# Thornless Honeylocust?



## HJsimpson (Nov 4, 2011)

This morning i finally got out to cut again without rain. My first 2 loads where ash and my third was what appears to be honey locust. The bark and everything else including bean pods says it is but no thorns anywhere. If it is that would be great because i really like to burn it but hate the thorns.
Also found out a full load of it is alot heavier then the loads of ash so had to drive a little slower on the way home.
Also here is a little advice. If you are stradling the handles of your wheelbarrow full of wood DO NOT unload all the wood in the back first when its on a slight incline :bug:  Good way to split the boys up.


----------



## wkpoor (Nov 4, 2011)

Cute truck. Somehow that barn in the back and that truck just don't quite go together. Now if it were parked in a subdivision I could understand.


----------



## EatenByLimestone (Nov 4, 2011)

There is a thornless honeylocust.  If it has pods,  that's probably what you got.  Catalpa has pods too.

Matt


----------



## HJsimpson (Nov 4, 2011)

I have a small Catalpa in the yard and the pods are smaller but that may because the tree is small but the worms make great fishing bait.
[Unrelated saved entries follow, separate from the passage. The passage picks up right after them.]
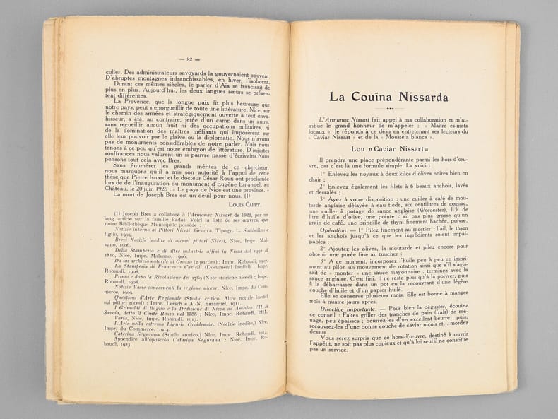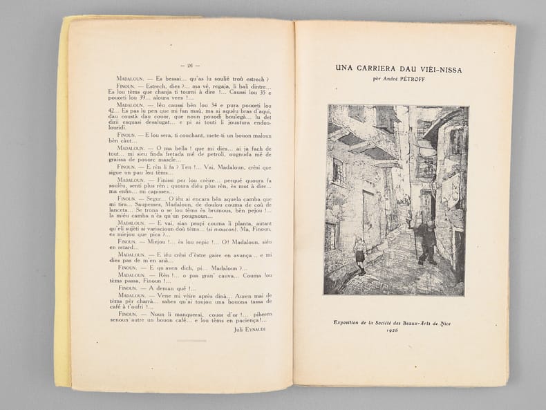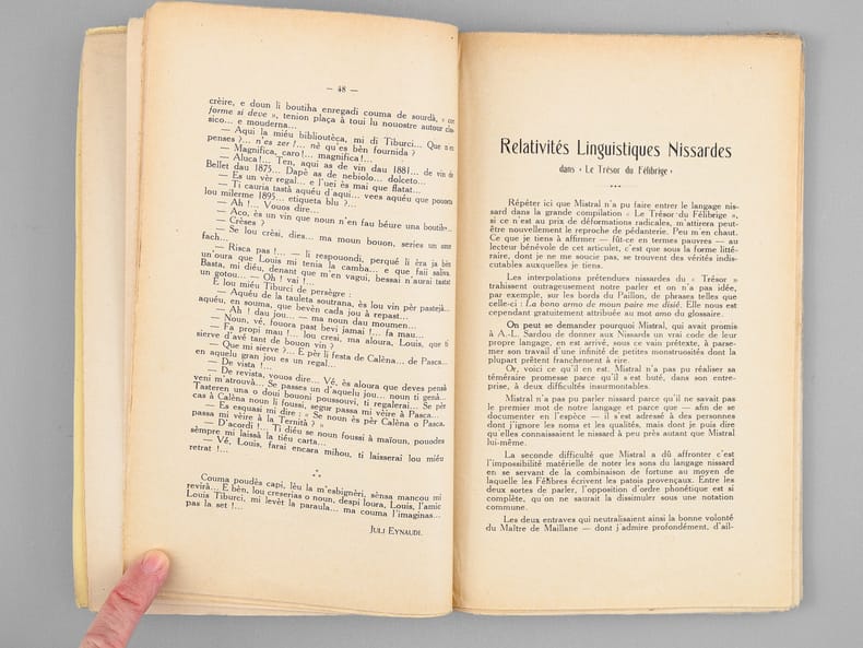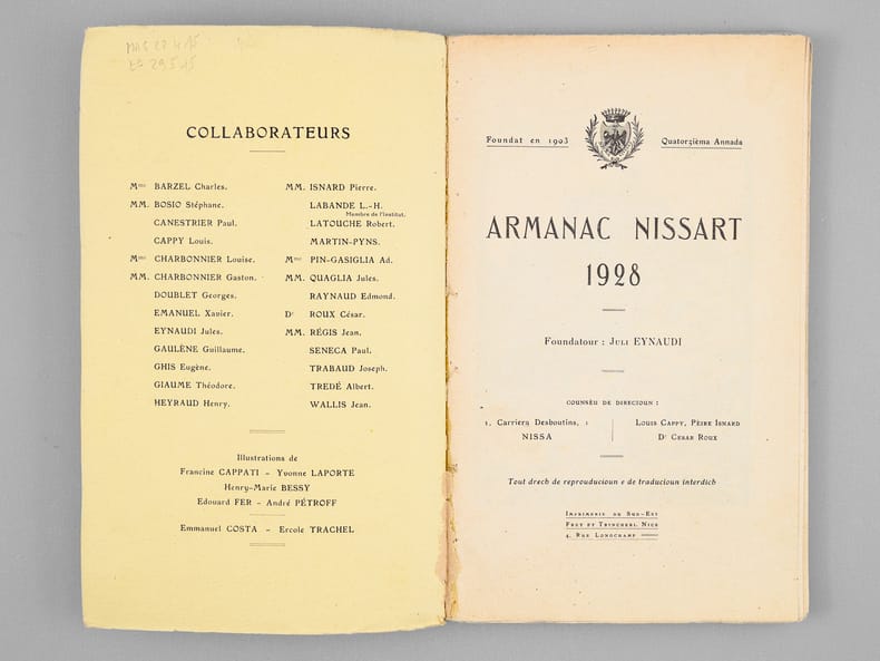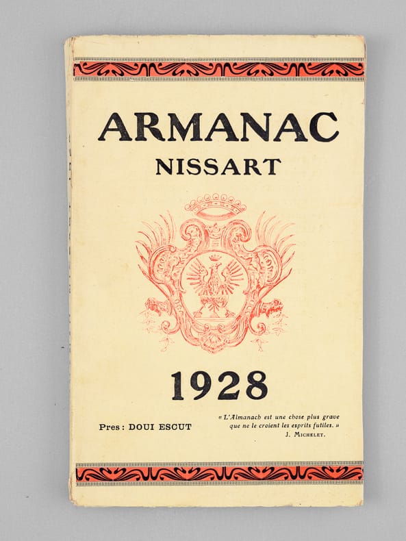 Cet "Armanac niçart" (almanach niçois) connut une publication très irrégulière. Il paraît d'abord en 1903 mais s'interrompt deux ans en 1905 et 1906, cesse de 1915 à 1919 puis reprend jusqu'en 1922, avant de s'interrompre longuement et de ne reprendre qu'avec ce numéro de 1928. Etat très satisfaisant (forts accrocs en couv. au second plat, petit mq. au dos en queue, bon état par ailleurs).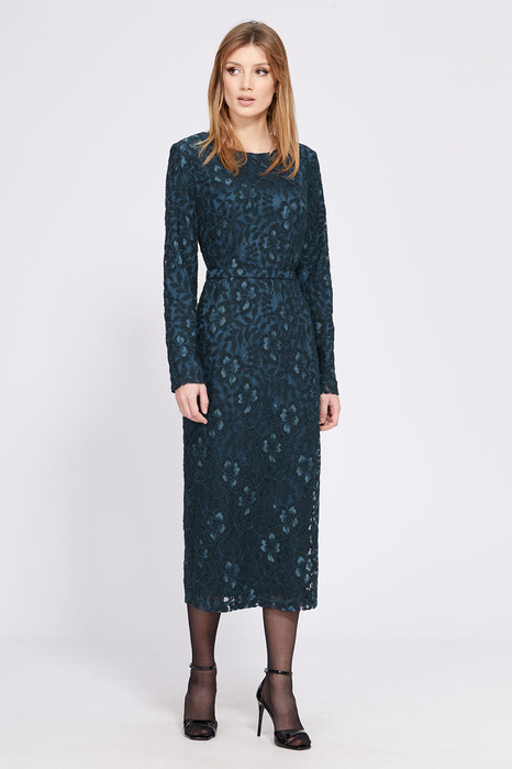 Платье выполнено из гипюра. Платье приталенного силуэта длиной миди. В среднем шве спинки разрез и застежка на потайную молнию. Горловина округлой формы. Платье с плечевыми накладками. Рукав втачной, одношовный. Платье на отлетной по низу подкладке из атласа. В комплект входит пояс из основной ткани с застежкой на кнопки.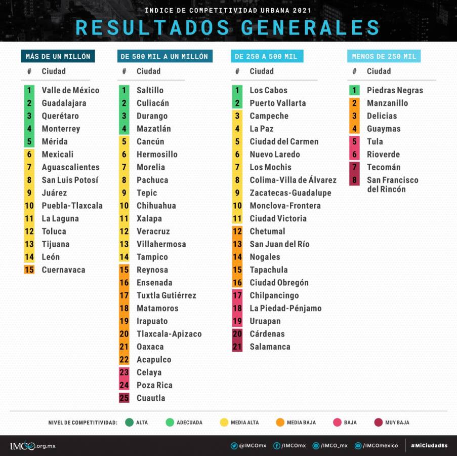 El IMCO aseguró que las ciudades empeoraron en temas económicos, sociales y educativos: “En promedio, las zonas urbanas perdieron diversidad en los sectores que aportan a sus economías, la desigualdad en los salarios se incrementó, y un mayor porcentaje de los trabajadores declararon no percibir ingresos”. Además, sostiene que “el desarrollo del talento se vio particularmente afectado, pues, aunque el sistema educativo ya tenía problemas estructurales, la pandemia los profundizó”.

The big limb has been down a while but the part still standing didnt have thorns and neither did the other ones near by.
Didnt realize my truck had to match my barns or live in a subdivision to have a nice truck lol.


----------



## DiscoInferno (Nov 4, 2011)

That sure does look like thornless HL.  I've never had the "pleasure" of dealing with the thorny kind.


----------



## scotvl (Nov 4, 2011)

I got a half cord last week, one word............ HEAVY.


----------



## maxed_out (Nov 4, 2011)

thumbs up, good stuff.


----------



## iod0816 (Nov 4, 2011)

Def honey locust, real heavy. Splits great except for the knots and limb formations! Got about a little less than a cord in the storms this year up in MA. Tons of it locally. Dries (for me at least) faster than oak but not that fast.


----------



## bioman (Nov 4, 2011)

Looks like black locust in my part of the woods. very good wood ! honey locust here is full of thorns. flat tires forever.


----------



## scotvl (Nov 5, 2011)

iodonnell said:
			
		

> Def honey locust, real heavy. Splits great except for the knots and limb formations! Got about a little less than a cord in the storms this year up in MA. Tons of it locally. Dries (for me at least) faster than oak but not that fast.



do you think it will be ready for jan-feb 2013 if split now and how does it burn? (high heat, last over night?) thanks.


----------



## HJsimpson (Nov 5, 2011)

Yes very heavy. Mine was dead fall so when i split it, which does split nice by hand except the knotty parts was at 28% on the MM. For me it rates close to black locust in terms of heat and overnights. As for the thorns on the previous honey locust we have cut they are a nightmare. We cut 6 down one time in a cow pasture and when we went back the next day the cows rubbed all the thorns off which made it nice but they were still on the ground.


----------



## chvymn99 (Nov 5, 2011)

Yep, sure looks like Honey Locust.  Both varieties available, thorny and thornless.  I'm not sure how it will burn, just got some myself this year.  Looking forward to it for next year.


----------



## scotvl (Nov 5, 2011)

HJsimpson said:
			
		

> Yes very heavy. Mine was dead fall so when i split it, which does split nice by hand except the knotty parts was at 28% on the MM. For me it rates close to black locust in terms of heat and overnights. As for the thorns on the previous honey locust we have cut they are a nightmare. We cut 6 down one time in a cow pasture and when we went back the next day the cows rubbed all the thorns off which made it nice but they were still on the ground.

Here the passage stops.